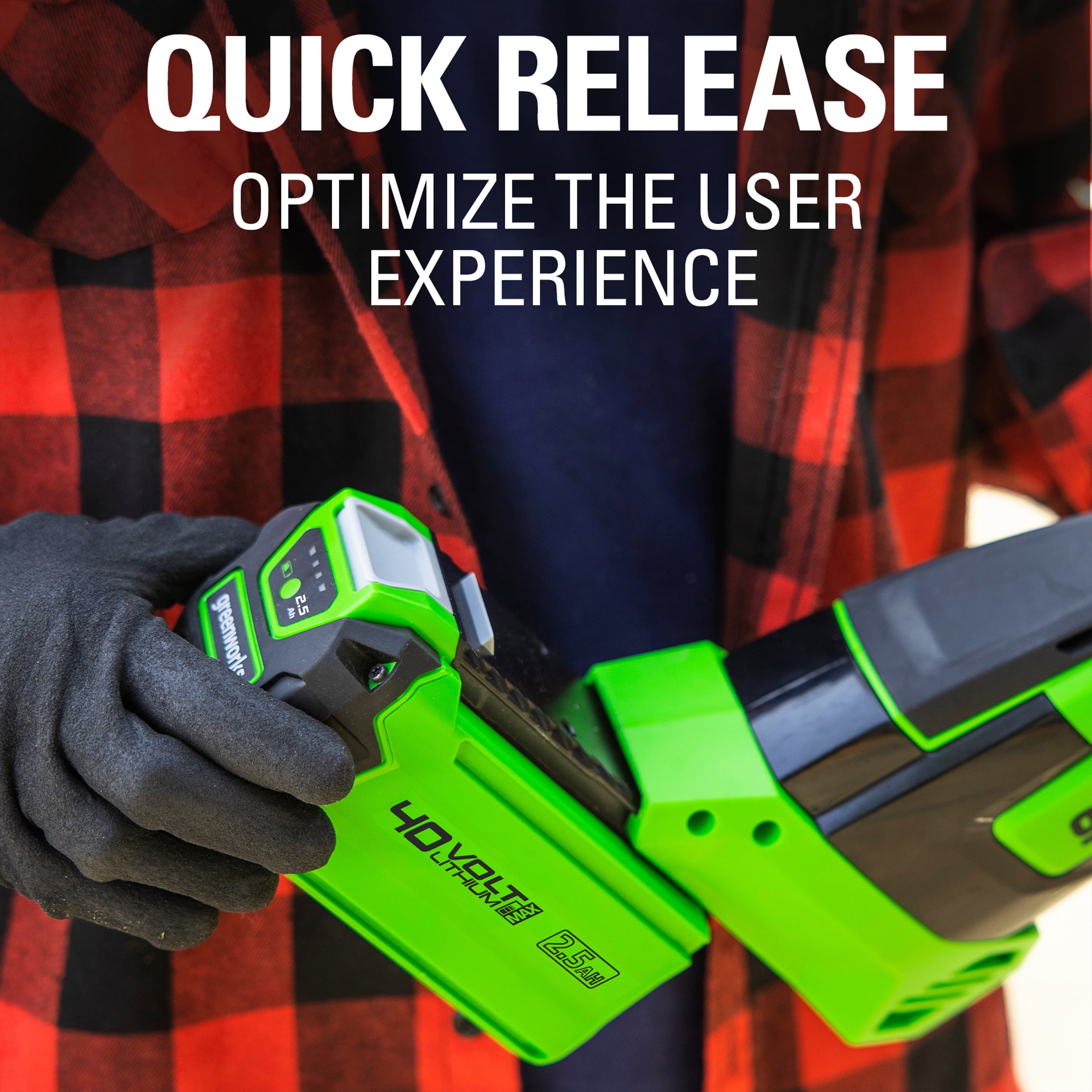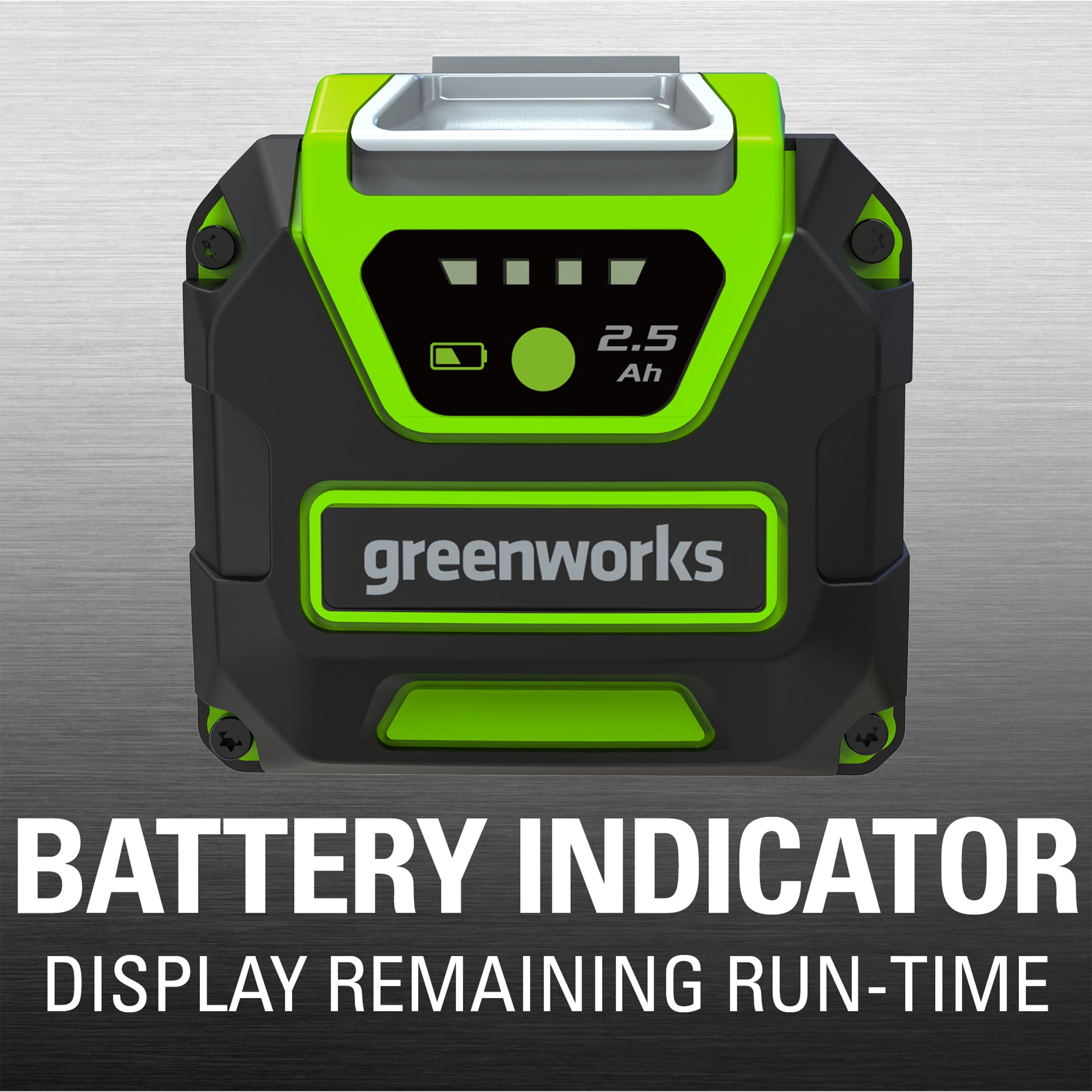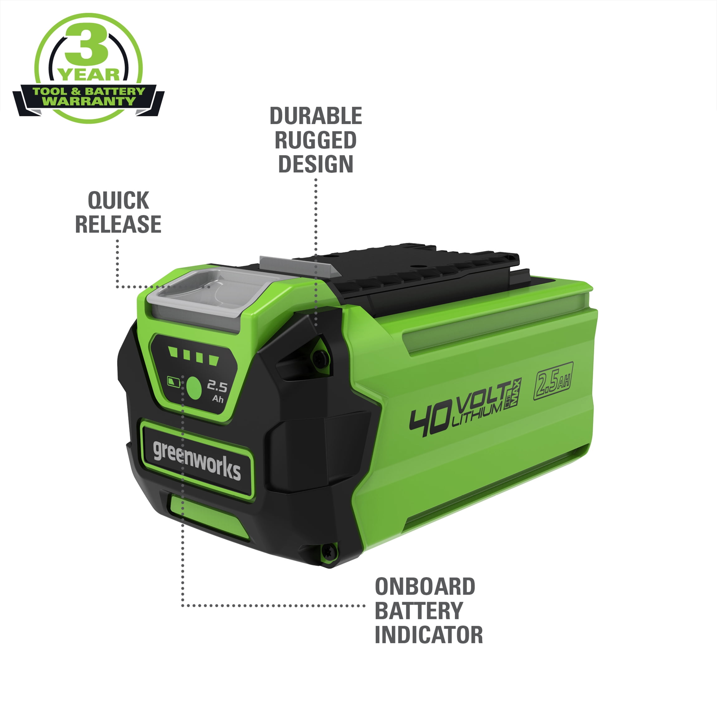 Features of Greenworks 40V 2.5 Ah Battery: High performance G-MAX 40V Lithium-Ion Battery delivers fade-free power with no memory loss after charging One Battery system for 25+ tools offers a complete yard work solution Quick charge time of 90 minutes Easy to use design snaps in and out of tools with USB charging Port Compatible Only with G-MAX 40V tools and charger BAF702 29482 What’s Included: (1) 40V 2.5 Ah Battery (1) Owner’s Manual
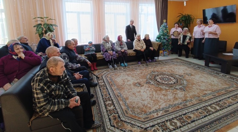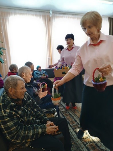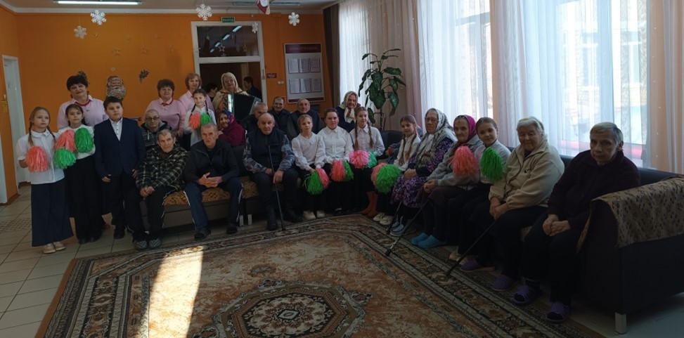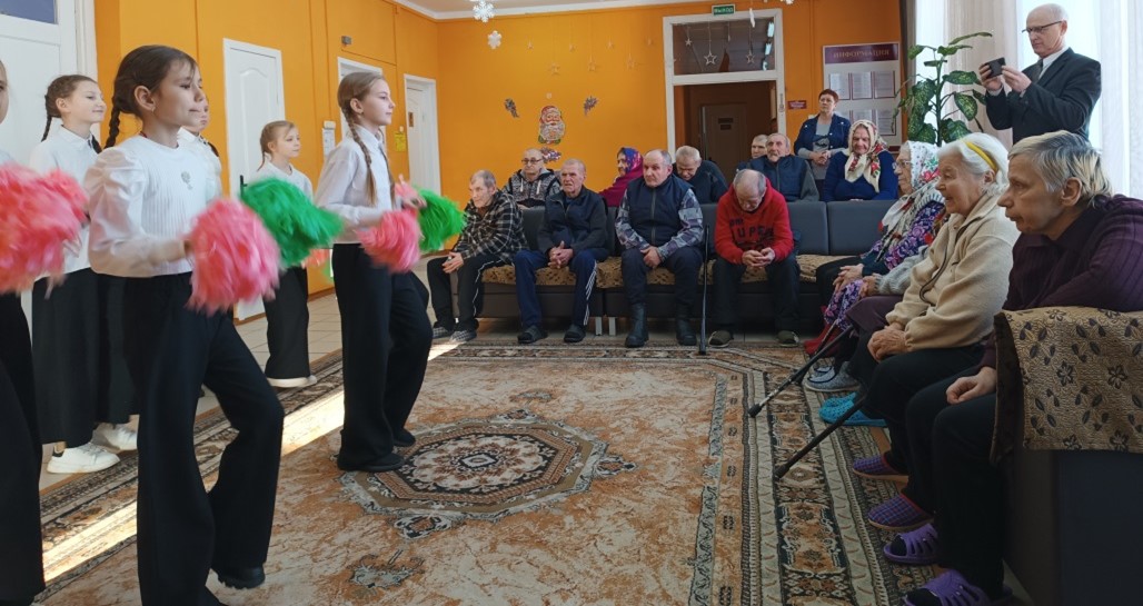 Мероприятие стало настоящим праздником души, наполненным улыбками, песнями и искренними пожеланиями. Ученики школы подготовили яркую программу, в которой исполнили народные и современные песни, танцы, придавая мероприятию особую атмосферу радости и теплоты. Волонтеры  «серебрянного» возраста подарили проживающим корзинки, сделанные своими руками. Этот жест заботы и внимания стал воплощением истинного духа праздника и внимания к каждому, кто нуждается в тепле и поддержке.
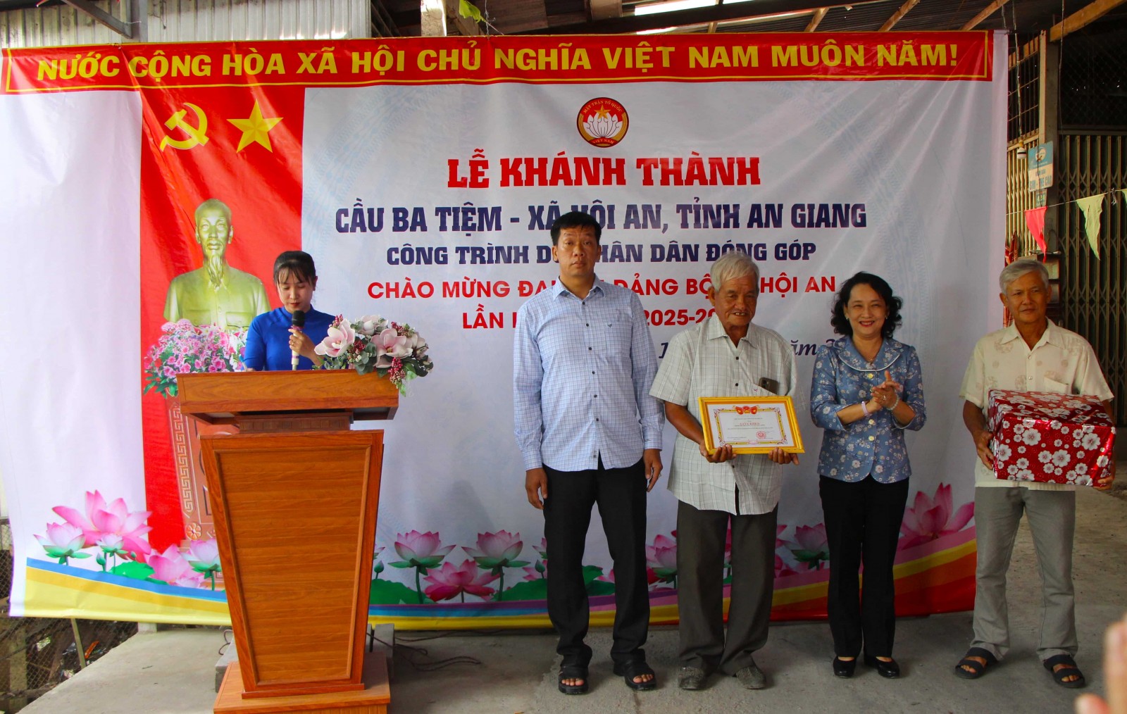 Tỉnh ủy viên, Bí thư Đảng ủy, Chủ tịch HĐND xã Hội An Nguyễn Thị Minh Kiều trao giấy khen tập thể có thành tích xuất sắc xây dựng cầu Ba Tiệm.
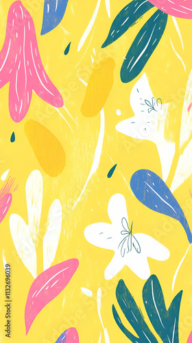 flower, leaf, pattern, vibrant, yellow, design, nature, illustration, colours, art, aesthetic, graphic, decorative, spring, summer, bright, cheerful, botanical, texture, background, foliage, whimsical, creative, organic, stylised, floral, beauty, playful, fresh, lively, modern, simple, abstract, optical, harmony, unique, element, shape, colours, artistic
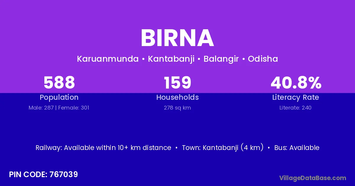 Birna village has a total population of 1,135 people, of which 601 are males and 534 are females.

● ● ●

TASK DESCRIPTION
Produce a verbatim copy of every entry, excluding pictures.

OUTPUT BELOW
 Features of Greenworks 40V 2.5 Ah Battery: High performance G-MAX 40V Lithium-Ion Battery delivers fade-free power with no memory loss after charging One Battery system for 25+ tools offers a complete yard work solution Quick charge time of 90 minutes Easy to use design snaps in and out of tools with USB charging Port Compatible Only with G-MAX 40V tools and charger BAF702 29482 What’s Included: (1) 40V 2.5 Ah Battery (1) Owner’s Manual
 Мероприятие стало настоящим праздником души, наполненным улыбками, песнями и искренними пожеланиями. Ученики школы подготовили яркую программу, в которой исполнили народные и современные песни, танцы, придавая мероприятию особую атмосферу радости и теплоты. Волонтеры  «серебрянного» возраста подарили проживающим корзинки, сделанные своими руками. Этот жест заботы и внимания стал воплощением истинного духа праздника и внимания к каждому, кто нуждается в тепле и поддержке.
 Tỉnh ủy viên, Bí thư Đảng ủy, Chủ tịch HĐND xã Hội An Nguyễn Thị Minh Kiều trao giấy khen tập thể có thành tích xuất sắc xây dựng cầu Ba Tiệm.
 flower, leaf, pattern, vibrant, yellow, design, nature, illustration, colours, art, aesthetic, graphic, decorative, spring, summer, bright, cheerful, botanical, texture, background, foliage, whimsical, creative, organic, stylised, floral, beauty, playful, fresh, lively, modern, simple, abstract, optical, harmony, unique, element, shape, colours, artistic
 Birna village has a total population of 1,135 people, of which 601 are males and 534 are females.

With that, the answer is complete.